#### DATA SECTION:
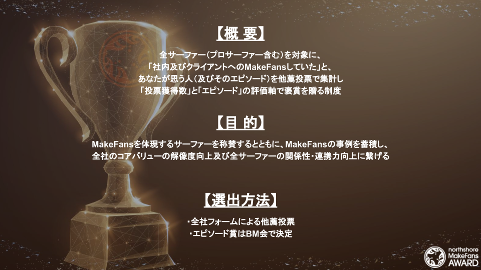 MakeFans Awardとは、1年の締めくくりとして行われる全社アワードの中で「サーファー(社員)」にスポットを当てたアワードです。
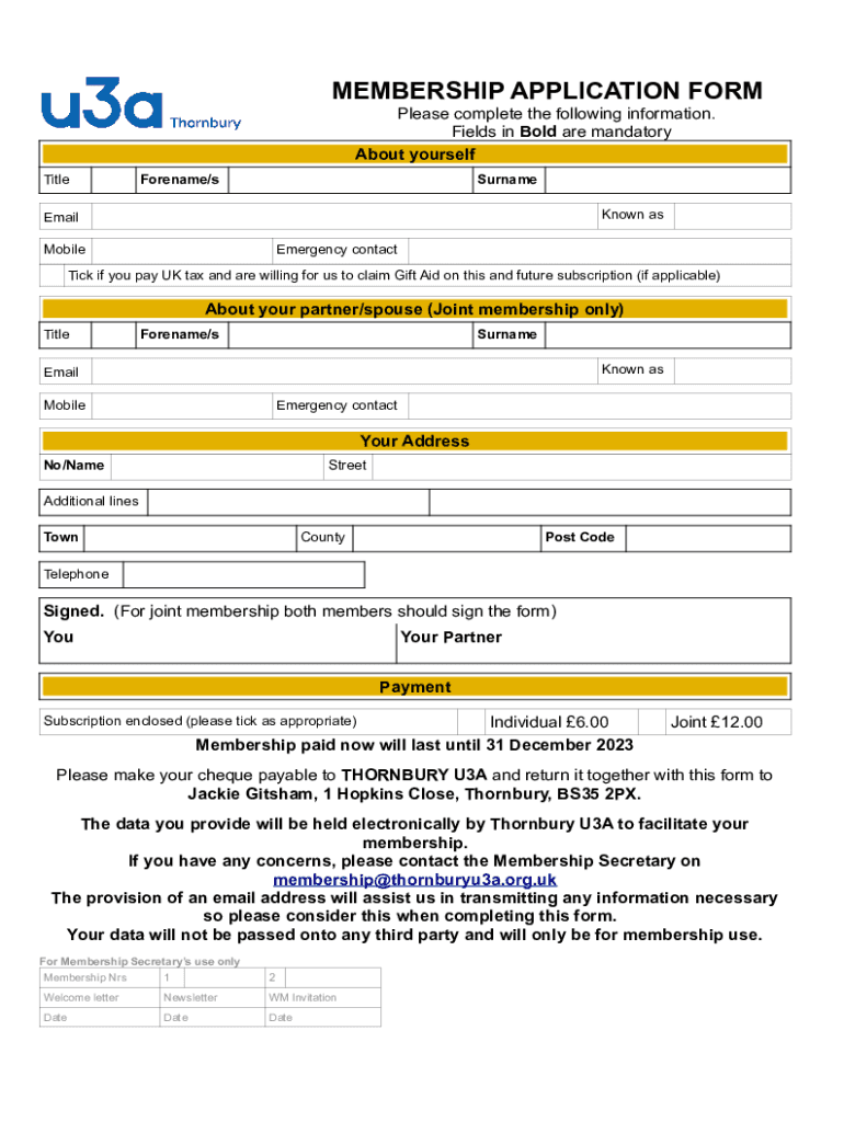 MEMBERSHIP APPLICATION FORM Please complete the following information. Fields in Bold are mandatory About yourself TitleForename/surname Known email MobileEmergency contacting if you pay UK tax and
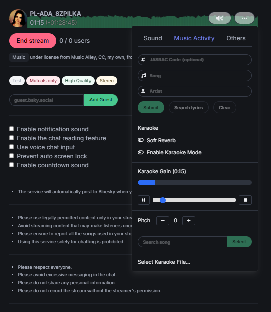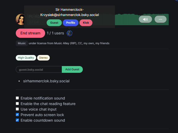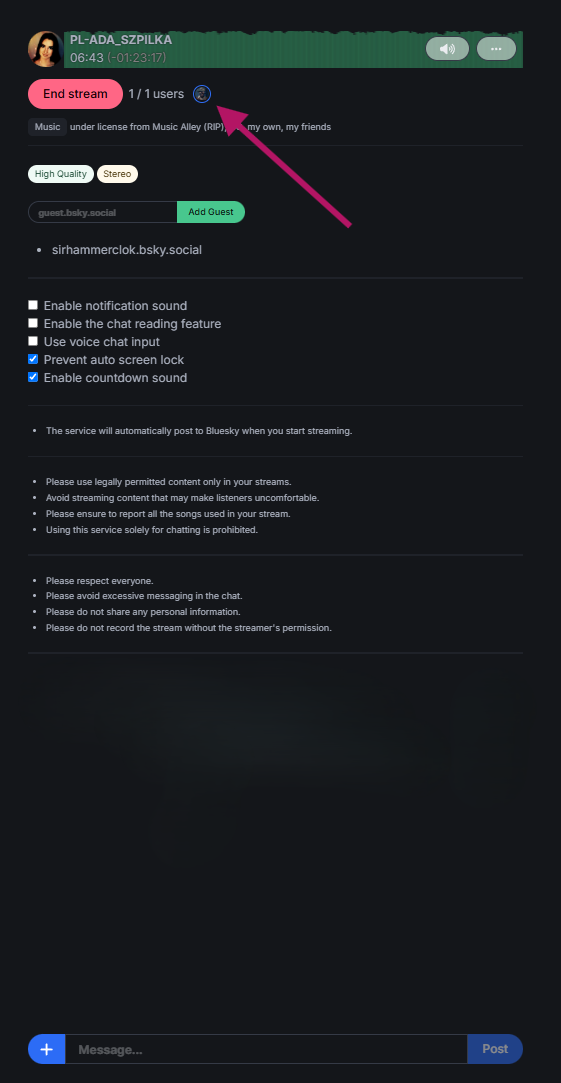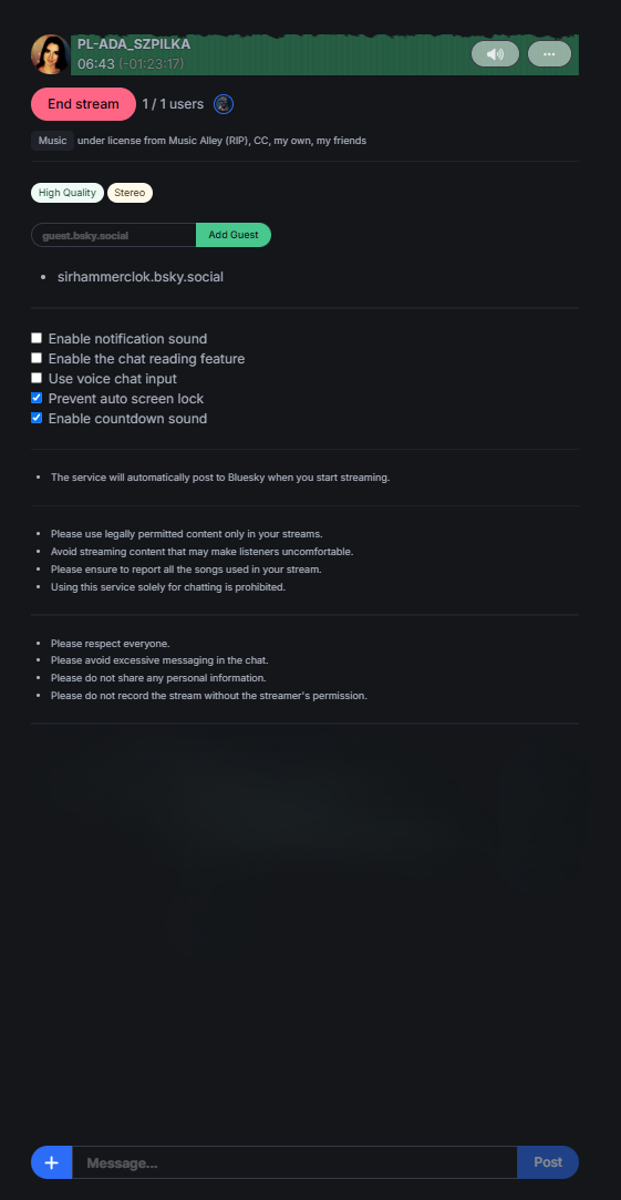 - Share this live stream - okno umożliwiające wysłanie skeeta o audycji (mozesz wpisać tam np. informację że za X minut będzie rozmowa z ważnym gościem
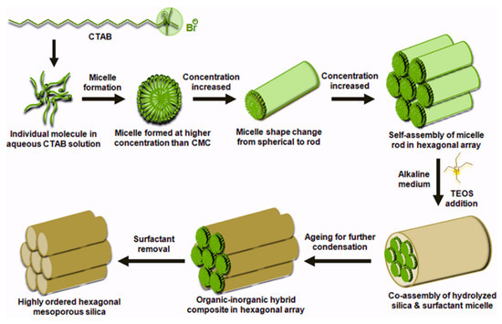 Schema of the formation of highly ordered mesoporous silica, reproduced from [70] with permission from Wiley, 2016.
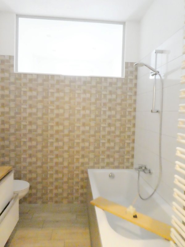 - Badezimmer mit Lichtschacht und Badewanne
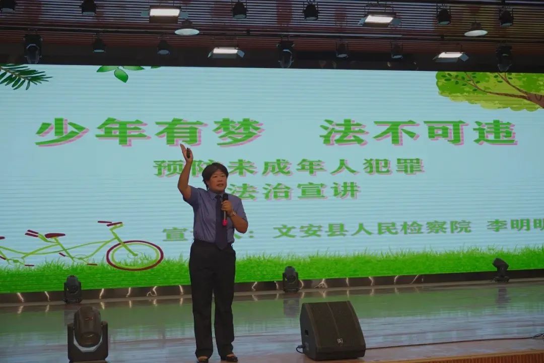 金秋开学季,为强化未成年人法治意识,有效防范未成年人违法犯罪,文安县检察院充分发挥“法治副校长”职能作用,分层次、多样化开展法治宣传进校园活动,帮助青少年学生扣好人生第一粒“法治扣子”。文安县检察院党组书记、检察长邢玉清带队,化身法治副校长的检察官们组成的普法团队赴文安县第一中学、第二中学、贺阳中学、联衡中学、第一小学、第二幼儿园等10余所中小学幼儿园开展送法进校园系列活动,覆盖学生18000余人,发放法治教育资料6500余份,着力强化广大学生的法治意识,以青少年自我保护为主,从常见未成年人违法犯罪行为的原因、防性侵、预防校园欺凌等方面进行授课,为师生送上了暖心“法治大礼包”。同时以生动有趣的方式与学生们积极互动,通过一个个鲜活的案例,深入浅出地讲解了法律在日常生活中的作用,让学生们明白法律是保护自己和他人的有力武器,引导同学们拿起法律的武器保护自己,遇到不法侵害时要勇敢说“不”!同时,还寄语同学们要以朝气蓬勃的精神状态迎接新学期,在今后的生活、学习中要珍惜青春年华,好好学习,努力实现自己的梦想,同时做到崇德尚法,明理笃行。
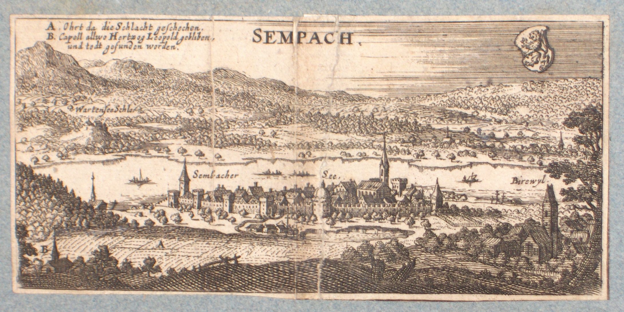 Engraving, Artwork, Ink, Sempach, Lake Sempach, Lake of Sempach, Switzerland, Sursee, Lucerne, Battlefield, Town, Municipality, Lake, Engraving, Artwork, Ink
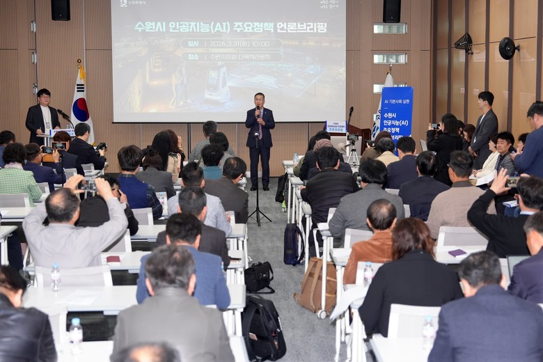 수원시는 3월 31일 수원시의회 다목적라운지에서 ‘수원시 인공지능(AI) 주요 정책 언론브리핑’을 열고, 수원시의 인공지능 정책을 소개했다.
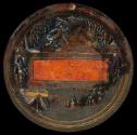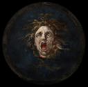 Label TextThis painted shield is of a type known as a parade shield, produced for display in military and religious pageants in Italy in the sixteenth and seventeenth centuries. In Greek mythology, Medusa was one of three sisters, known as Gorgons, who were cursed with snakes for hair and ferocious faces. According to the myth, anyone who looked directly at the monsters’ faces was turned to stone - a power retained even after the Greek hero Perseus beheaded Medusa. Caravaggio famously painted a similar Medusa shield in c.1598 for his patron Cardinal del Monte.
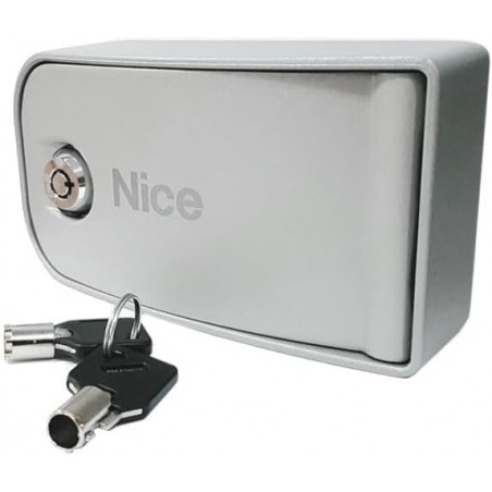blindino in alluminio completo di pulsante Nice KIOmini, ideale per il comando di cancelli automatici, porte garage e automazioni Nice compatibili.
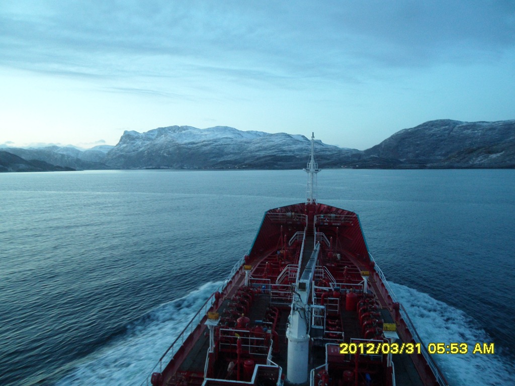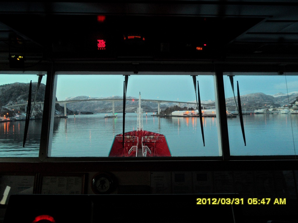 02:00 Kommer på vakt vid Oksebåsen norr om Ålesund. Fortsätter ut genom Flåvärsleia och det slingrar lite pga gammal sjö. Det blåser inget så det är ganska fint väder.
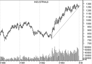 The Dow Theory focuses primarily on price action. Volume is only used to confirm uncertain situations. Volume should expand in the direction of the primary trend. If the primary trend is down, volume should increase during market declines. If the primary trend is up, volume should increase during market advances. The following chart shows expanding volume during an up trend, confirming the primary trend.
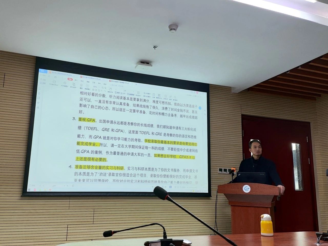 在讲座中,蒋老师结合学生成功申请留学的经验,就出国留学的重要环节,提出了一系列实用的建议:尽可能高的GPA、早准备语言成绩、更多更好的实习和科研等等。最后,他也分享了一些对未来的展望和期待。他表示,每一个出国留学的同学都要有充分的准备,在申请材料上需要保持爱心、耐心和细心。他勉励同学们要勇于抓住机会,不要畏手畏脚。在专注于深入研究和提升自己能力的同时,也要注意建立和维护人际关系,以便在未来的发展道路上获得更多的机会。
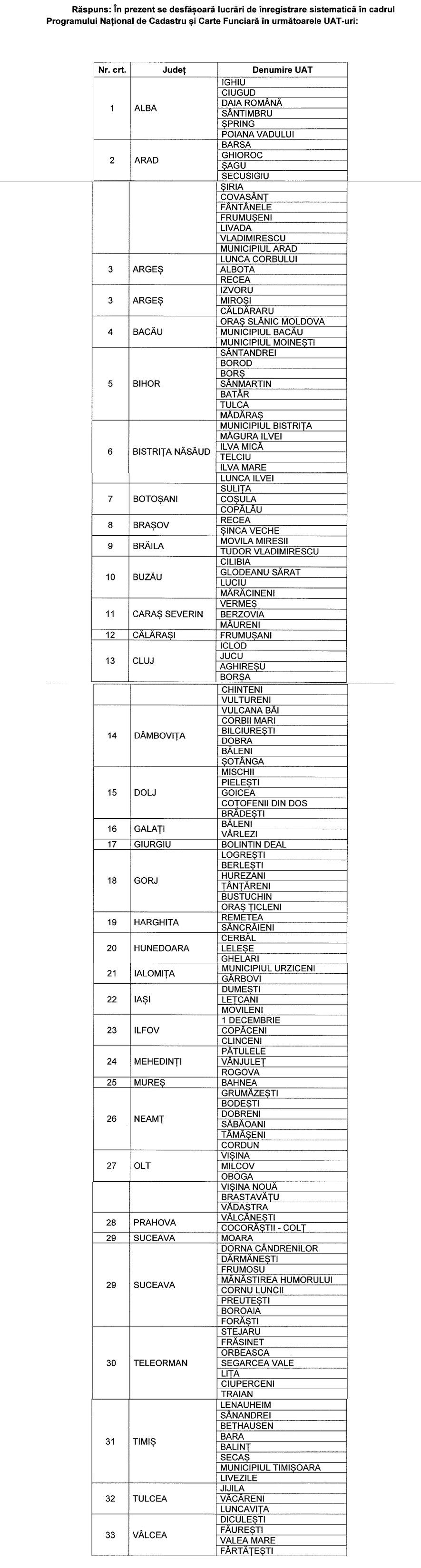 Cadastrarea Gratuită La Nivel Naţional In Ce Localităţi Se Lucrează In 2016
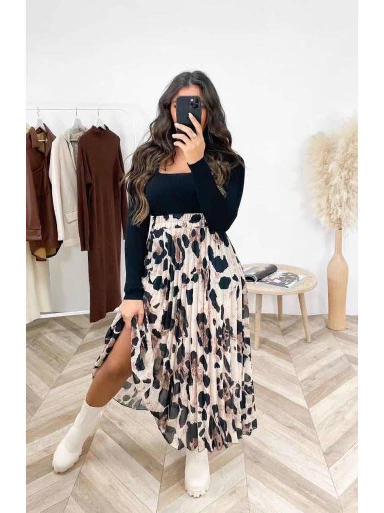 This gorgeous skirt features a beautiful beige leopard print. Elastic fitted strtch waist. Maxi style. Pleat design great from day to night this us such a versatile piece for any wardrobe.
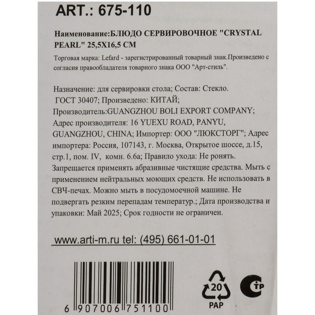 Блюдо овальное Lefard Crystal Pearl 25.5х16.5 см — изысканная сервировочная посуда из стекла в подарочной упаковке для стильного стола дома и на даче.

#### WHAT THE TASK ASKS:
Reproduce exactly the lines above starting at the line containing "- Share this" and ending at the line containing "02:00 Kommer på", including both, but not the pictures.

#### ANSWER SECTION:
 - Share this live stream - okno umożliwiające wysłanie skeeta o audycji (mozesz wpisać tam np. informację że za X minut będzie rozmowa z ważnym gościem
 Schema of the formation of highly ordered mesoporous silica, reproduced from [70] with permission from Wiley, 2016.
 - Badezimmer mit Lichtschacht und Badewanne
 金秋开学季,为强化未成年人法治意识,有效防范未成年人违法犯罪,文安县检察院充分发挥“法治副校长”职能作用,分层次、多样化开展法治宣传进校园活动,帮助青少年学生扣好人生第一粒“法治扣子”。文安县检察院党组书记、检察长邢玉清带队,化身法治副校长的检察官们组成的普法团队赴文安县第一中学、第二中学、贺阳中学、联衡中学、第一小学、第二幼儿园等10余所中小学幼儿园开展送法进校园系列活动,覆盖学生18000余人,发放法治教育资料6500余份,着力强化广大学生的法治意识,以青少年自我保护为主,从常见未成年人违法犯罪行为的原因、防性侵、预防校园欺凌等方面进行授课,为师生送上了暖心“法治大礼包”。同时以生动有趣的方式与学生们积极互动,通过一个个鲜活的案例,深入浅出地讲解了法律在日常生活中的作用,让学生们明白法律是保护自己和他人的有力武器,引导同学们拿起法律的武器保护自己,遇到不法侵害时要勇敢说“不”!同时,还寄语同学们要以朝气蓬勃的精神状态迎接新学期,在今后的生活、学习中要珍惜青春年华,好好学习,努力实现自己的梦想,同时做到崇德尚法,明理笃行。
 Engraving, Artwork, Ink, Sempach, Lake Sempach, Lake of Sempach, Switzerland, Sursee, Lucerne, Battlefield, Town, Municipality, Lake, Engraving, Artwork, Ink
 수원시는 3월 31일 수원시의회 다목적라운지에서 ‘수원시 인공지능(AI) 주요 정책 언론브리핑’을 열고, 수원시의 인공지능 정책을 소개했다.
 Label TextThis painted shield is of a type known as a parade shield, produced for display in military and religious pageants in Italy in the sixteenth and seventeenth centuries. In Greek mythology, Medusa was one of three sisters, known as Gorgons, who were cursed with snakes for hair and ferocious faces. According to the myth, anyone who looked directly at the monsters’ faces was turned to stone - a power retained even after the Greek hero Perseus beheaded Medusa. Caravaggio famously painted a similar Medusa shield in c.1598 for his patron Cardinal del Monte.
blindino in alluminio completo di pulsante Nice KIOmini, ideale per il comando di cancelli automatici, porte garage e automazioni Nice compatibili.
 02:00 Kommer på vakt vid Oksebåsen norr om Ålesund. Fortsätter ut genom Flåvärsleia och det slingrar lite pga gammal sjö. Det blåser inget så det är ganska fint väder.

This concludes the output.